What I’ve learned through these groups is that leadership can be open-ended and collective. In a workplace-organizing campaign, members might rotate through various roles — from facilitating meetings to taking notes to speaking to the press. Some will be naturally shy; others, congenitally gregarious. You might be more involved in the winter than in spring, and you don’t need a title to save your place. It’s admittedly the kind of democracy that gets unwieldy with size, but there’s no truer laboratory of leadership. As the writer William Deresiewicz (who, incidentally, was invited by Samet to speak at West Point in 2009) recently observed in Harper’s, the problem with the orthodox idea “that society should be run by highly trained elites, is that it has usurped the place of ‘citizenship,’ the notion that society should be run by everyone together.”

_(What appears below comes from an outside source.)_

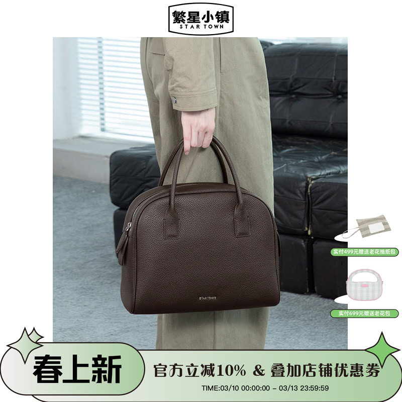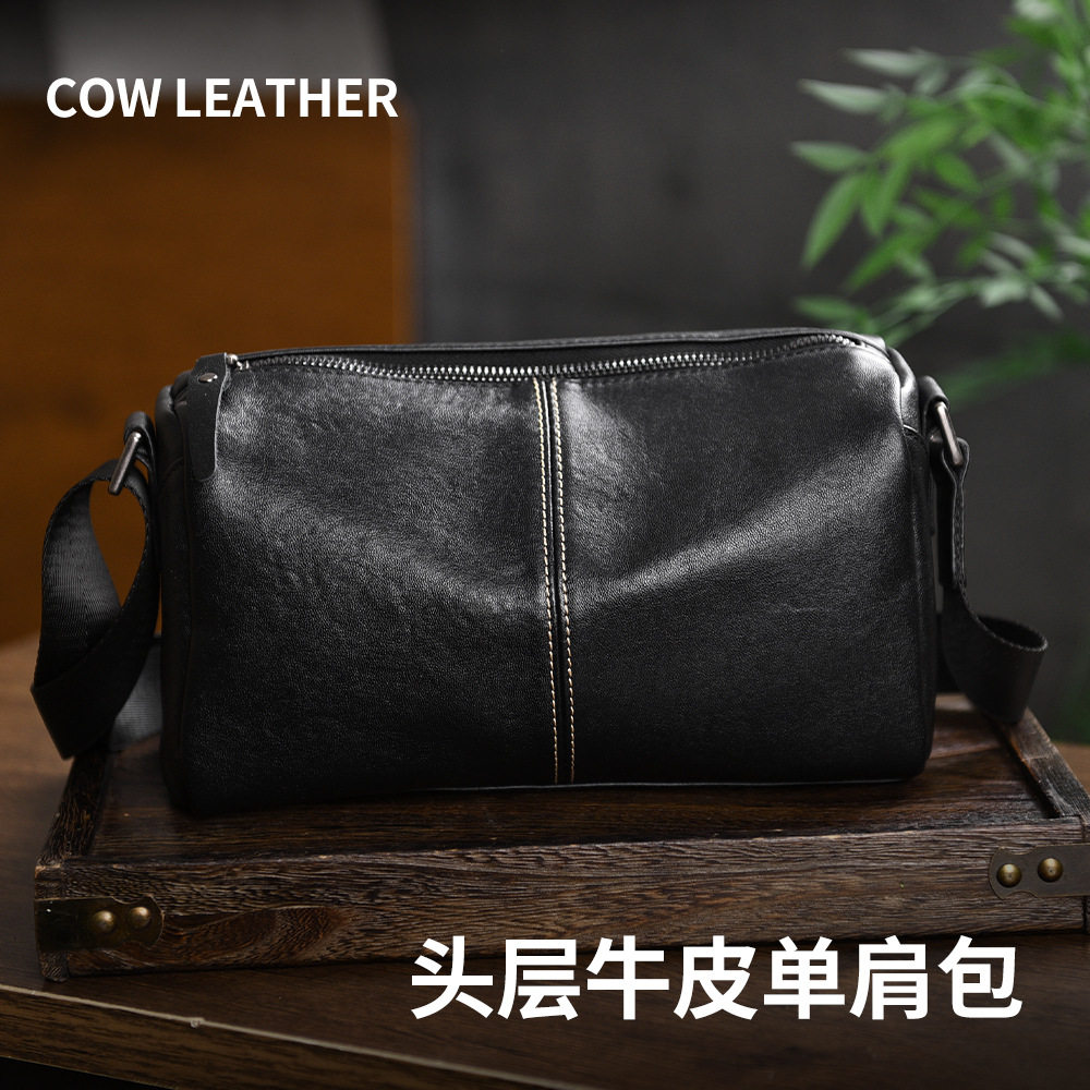 头层小牛皮包包小众复古背包托特通勤松弛真皮单肩斜挎手提邮差包

For those interested in social movements, Samet does include a chapter, “Resisting the System,” that collects historical examples of the “courage to resist oppression.” There we find such notable rebels as Moses, 14th-century English peasant Wat Tyler, Mary Wollstonecraft, and socialist Eugene V. Debs, along with a collection of lyric “songs of resistance” and two revolutionary poems. I wonder what Samet’s students would say about this apt passage she plucks from A Vindication of the Rights of Woman (1792):
Standing armies can never consist of resolute, robust men; they may be well disciplined machines, but they will seldom contain men under the influence of strong passions, or with very vigorous faculties. And as for any depth of understanding, I will venture to affirm, that it is as rarely to be found in the army as amongst women; and the cause, I maintain, is the same.
That cause, writes Wollstonecraft, is the tyranny of a system that deprived soldiers and women alike of a real education, consigning them to “acquire manners before morals.”

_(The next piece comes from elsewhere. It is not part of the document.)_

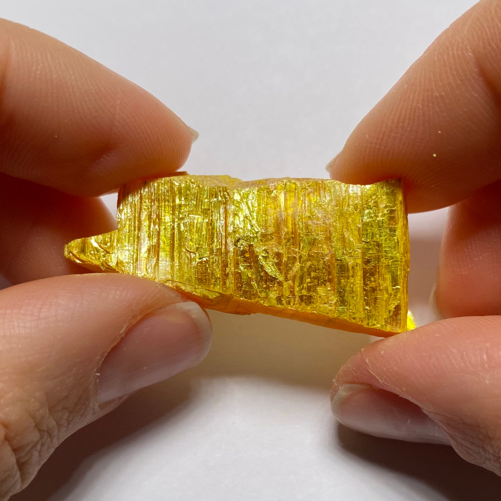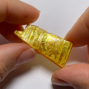 A striking piece of Orpiment, notable for its vibrant yellow color and layered, foliated structure. Orpiment is an arsenic sulfide mineral (As₂S₃) and is often associated with hydrothermal deposits, frequently found alongside other sulfides like realgar. Its name is derived from the Latin words "aurum" (gold) and "pigmentum" (paint), reflecting its brilliant golden-yellow hue. This piece would be a fascinating addition to any mineral collection, especially given its striking aesthetic and the relatively rare occurrence of high-quality crystals like this

In a sense, the same could be said of our leaders, who seem increasingly content to perform, rather than earn, their authority. Samet notes “that the American people’s trust in government has declined from a high of 70 percent in 1958, during the Eisenhower administration, to a near-record low of 19 percent, during the government shutdown of 2013.” This is not a linear decrease, and some eras are simply more credulous or less obedient than others. There may indeed be a “crisis of leadership” in our turbulent time, but judging from the presidential race we’ve seen to date, it’s a crisis We the People will have to resolve on our own.